The S&P 500 fell 0.4%, coming off a rare day of modest moves following a wild stretch caused by the war with Iran. The Dow Jones Industrial Average was down 455 points, or 1%, as of 11:45 a.m. Eastern time, and the Nasdaq composite was 0.2% lower.

Since the start of the war, extreme moves for oil prices have triggered sharp swings up and down for financial markets worldwide, sometimes by the hour. Oil prices briefly spiked to their highest levels since 2022 this week because of the possibility that production in the Middle East could be blocked for a long time, which in turn raised worries about a surge of debilitating inflation for the global economy.

The International Energy Agency said Wednesday that its members will release a record amount of oil, 400 million barrels, from stockpiles they’ve set aside for emergencies. Such moves push downward on oil prices in the near term, but it’s likely that only a full resumption of the flow of oil and natural gas from the Persian Gulf area will fully ease the market. That has investors worldwide anxiously awaiting the end of the war.

The price for a barrel of Brent crude, the international standard, rose 4.4% to $91.68. A barrel of benchmark U.S. crude gained 5% to $87.58.

Worries are centered on the Strait of Hormuz, a narrow waterway off Iran’s coast where a fifth of the world’s oil sails on a typical day. The war has halted most of that traffic, which means storage tanks for crude in the region are filling up because the oil has nowhere else to go. That in turn is pushing oil producers to say they’re cutting their output.

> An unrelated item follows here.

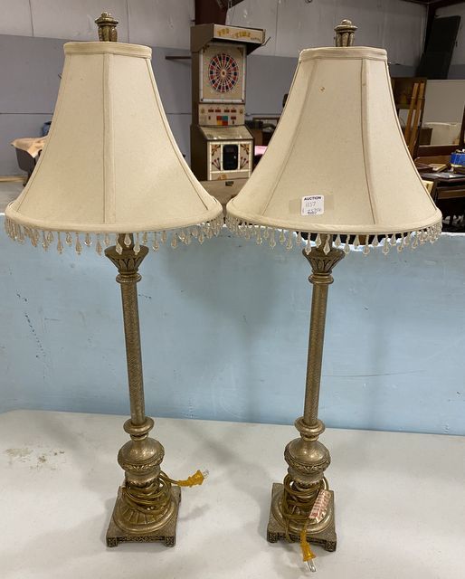 Pair of Gold Buffet Lamps, metal frame, with shades, 31"h. Pair of Gold Buffet Lamps, metal frame, with shades, 31"h.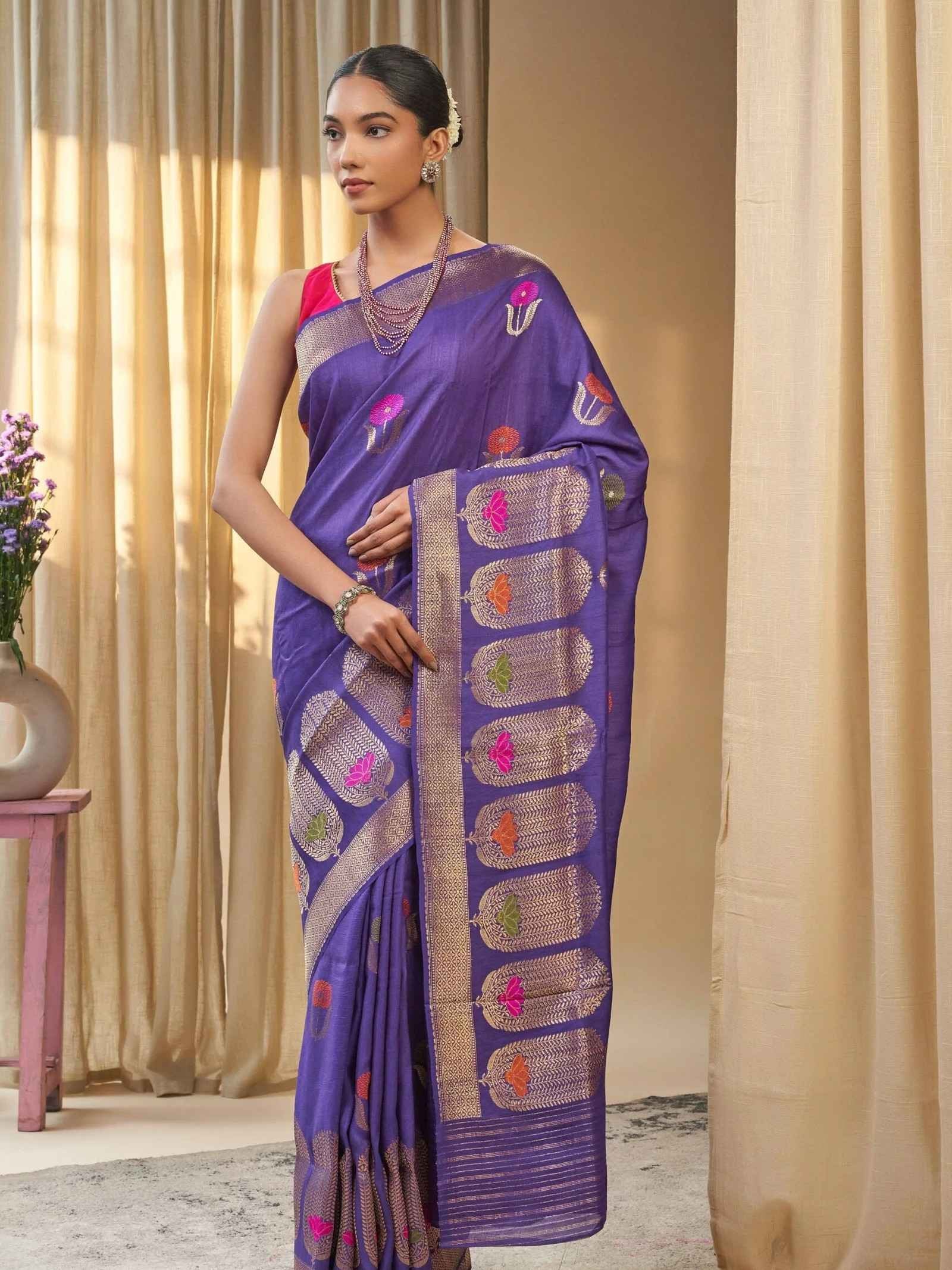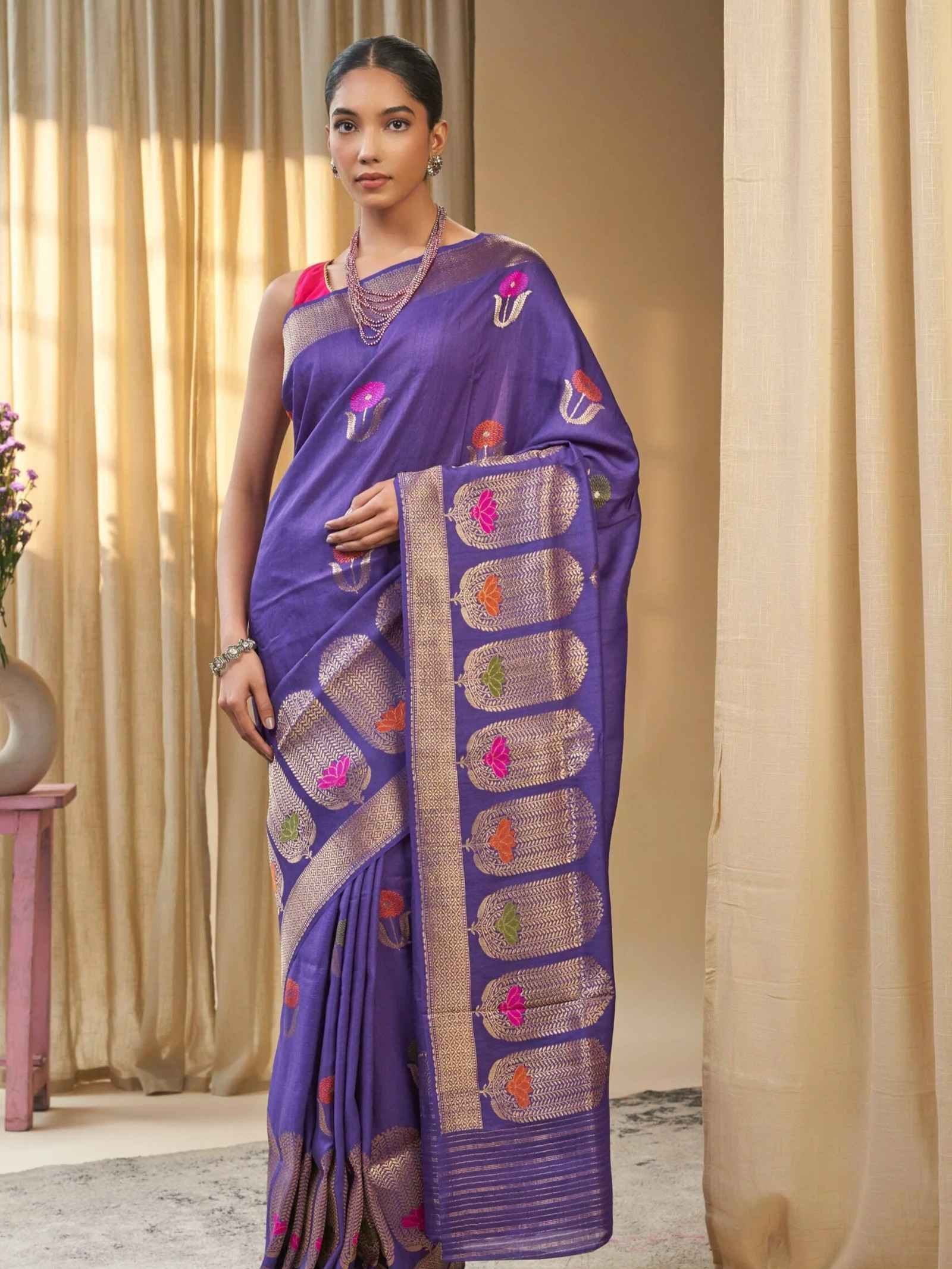 Despite its opulent appearance, the saree remains feather-light, offering both comfort and grandeur. Whether worn for a wedding, festive event, or an elegant evening celebration, this purple beauty exudes sophistication at every glance.

The United States said it took out more than a dozen minelaying Iranian vessels Tuesday, and the Islamic Republic vowed to block the region’s oil exports, saying it would not allow “even a single liter” to be shipped to its enemies.

All this is happening at a time when inflation was already relatively high in the United States. A report released Wednesday showed that U.S. consumers paid prices for groceries, gasoline and other costs of living that were 2.4% higher in February than a year earlier.

To be sure, that inflation rate was the same as the prior month's and better than the 2.5% that economists expected, but it remains above the 2% target the Federal Reserve has set for the economy. It also doesn’t include the spike in gasoline prices that’s happened this month because of the war.

“Looking forward, we expect a spring bulge in inflation due to the spike in energy prices tied to the Iran war, the duration of which will dictate the landing spot for headline inflation by year end,” according to Gary Schlossberg, global strategist at Wells Fargo Investment Institute.